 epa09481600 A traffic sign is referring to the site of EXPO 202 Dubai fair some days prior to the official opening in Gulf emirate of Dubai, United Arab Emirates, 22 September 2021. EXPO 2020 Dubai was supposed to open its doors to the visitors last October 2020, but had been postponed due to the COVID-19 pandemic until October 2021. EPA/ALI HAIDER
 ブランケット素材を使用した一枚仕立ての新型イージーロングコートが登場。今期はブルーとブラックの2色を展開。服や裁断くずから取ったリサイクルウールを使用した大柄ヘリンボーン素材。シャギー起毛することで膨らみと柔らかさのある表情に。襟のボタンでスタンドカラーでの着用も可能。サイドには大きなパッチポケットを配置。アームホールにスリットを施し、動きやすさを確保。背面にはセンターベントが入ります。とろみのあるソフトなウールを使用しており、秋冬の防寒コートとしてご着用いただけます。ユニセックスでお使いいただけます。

************

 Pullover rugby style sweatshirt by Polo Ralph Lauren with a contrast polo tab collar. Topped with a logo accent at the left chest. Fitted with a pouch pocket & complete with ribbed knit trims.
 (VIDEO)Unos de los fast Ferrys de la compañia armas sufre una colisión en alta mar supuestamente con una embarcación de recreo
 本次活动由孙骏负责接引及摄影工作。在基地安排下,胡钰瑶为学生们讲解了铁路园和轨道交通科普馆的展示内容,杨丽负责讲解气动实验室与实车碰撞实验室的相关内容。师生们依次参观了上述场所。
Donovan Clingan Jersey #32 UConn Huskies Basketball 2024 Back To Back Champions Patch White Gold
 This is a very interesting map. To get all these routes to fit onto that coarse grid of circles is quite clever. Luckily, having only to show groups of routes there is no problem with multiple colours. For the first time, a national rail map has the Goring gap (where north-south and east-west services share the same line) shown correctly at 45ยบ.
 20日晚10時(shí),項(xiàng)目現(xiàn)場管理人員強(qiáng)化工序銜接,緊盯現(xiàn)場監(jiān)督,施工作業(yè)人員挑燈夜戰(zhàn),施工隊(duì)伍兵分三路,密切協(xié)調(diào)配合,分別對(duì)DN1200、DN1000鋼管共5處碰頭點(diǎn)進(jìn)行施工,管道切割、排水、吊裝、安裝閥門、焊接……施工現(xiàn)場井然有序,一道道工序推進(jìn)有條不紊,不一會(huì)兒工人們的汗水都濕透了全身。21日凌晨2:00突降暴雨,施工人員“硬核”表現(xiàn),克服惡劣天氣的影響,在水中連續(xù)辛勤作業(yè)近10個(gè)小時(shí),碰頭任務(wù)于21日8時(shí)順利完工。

************

Problem details:
Could you restate word for word the lines above from the one containing "epa09481600 A traffic" through the one containing "ブランケット素材を使用した一", both included, and nothing else?

Answer to this problem:
 epa09481600 A traffic sign is referring to the site of EXPO 202 Dubai fair some days prior to the official opening in Gulf emirate of Dubai, United Arab Emirates, 22 September 2021. EXPO 2020 Dubai was supposed to open its doors to the visitors last October 2020, but had been postponed due to the COVID-19 pandemic until October 2021. EPA/ALI HAIDER
 ブランケット素材を使用した一枚仕立ての新型イージーロングコートが登場。今期はブルーとブラックの2色を展開。服や裁断くずから取ったリサイクルウールを使用した大柄ヘリンボーン素材。シャギー起毛することで膨らみと柔らかさのある表情に。襟のボタンでスタンドカラーでの着用も可能。サイドには大きなパッチポケットを配置。アームホールにスリットを施し、動きやすさを確保。背面にはセンターベントが入ります。とろみのあるソフトなウールを使用しており、秋冬の防寒コートとしてご着用いただけます。ユニセックスでお使いいただけます。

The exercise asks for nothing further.